Comment 35 Joachim Deguara 2007-02-25 21:58:12 UTC
the same problem, premature shutdown when suspending to disk, happens on the Ferrari 5000 also, but the patch from comment #34 fixes it.  Tested on openSUSE 10.2 with 2.6.21-rc1-git1 kernel.
Comment 36 Bernhard Kaindl 2007-02-26 17:48:11 UTC
Created attachment 121120 [details]
updated fix which works on arch/i386 as well, should be ready for submission, just one minor beautification missing

Attached updated fix which works on arch/i386 as well. It is ready for submission except for one detail which is only beauty(last change to be synced to x86_64) in detail and needs to be tested to work in uniprocessor kernel builds as well and does not break builds of the kernel without MTRR support.
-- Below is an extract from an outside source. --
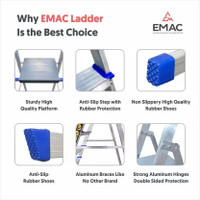 EMAC Aluminium 3 Steps Folding Ladder for Home, Shop & Office Use Slip Resistant Step Aluminium Ladder (With Platform)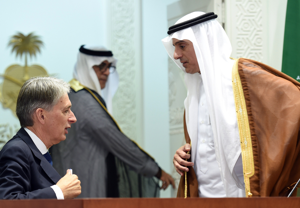 Photo: British Foreign Secretary Phillip Hammond (L) and his Saudi counterpart Adel al-Jubeir leave after a holding a press conference at the Saudi foreign ministry press hall, on 28 October, 2015 in Riyadh (AFP).

With this patch, I verified that the same issue is also there in legacy mode, and verified that it is fixed with the same change.
Comment 37 Bernhard Kaindl 2007-02-27 17:12:22 UTC
Created attachment 121351 [details]
updated patch for review, possibly mtrr_save_state() could be moved to an x86-generic location, but that's the only thing left for now and this can be discussed on linux-kernel on submission

I tested this patch now on x86_64, works fine and fixes also the PCIE issue which we initially saw on this bug.
Comment 38 Bernhard Kaindl 2007-02-28 17:41:22 UTC
Created attachment 121632 [details]
Program for reading the fixed-range MTRR values man 

Test program for reading current fixed-range MTRR values, enable CONFIG_X86_MSR and load msr.ko.

Assumes that msr.ko device files are created as /dev/cpu/<#CPU>/msr by udev (default)

Example output from broken system (each 64-bit column is from one CPU):

MSR 0x250: 1e1e1e1e1e1e1e1e | 0606060606060606
MSR 0x258: 1e1e1e1e1e1e1e1e | 0606060606060606
MSR 0x259: 0000000000000000 | 0000000000000000
MSR 0x268: 1515151515151515 | 0505050505050505
MSR 0x269: 1515151515151515 | 0505050505050505
MSR 0x26a: 0000000000000000 | 0000000000000000
MSR 0x26b: 0000000000000000 | 0000000000000000
MSR 0x26c: 1515151500000000 | 0505050500000000
MSR 0x26d: 1515151515151515 | 0505050505050505
MSR 0x26e: 1515151515151515 | 0505050505050505
MSR 0x26f: 1515151515151515 | 0505050505050505

In fixed setup, the register dump blocks from all CPUs are identical and do not change e.g. after resume from disk.
Comment 40 Thomas Renninger 2008-08-29 09:39:03 UTC
AFAIK Bernd got this resolved mainline and did forget to close the bug.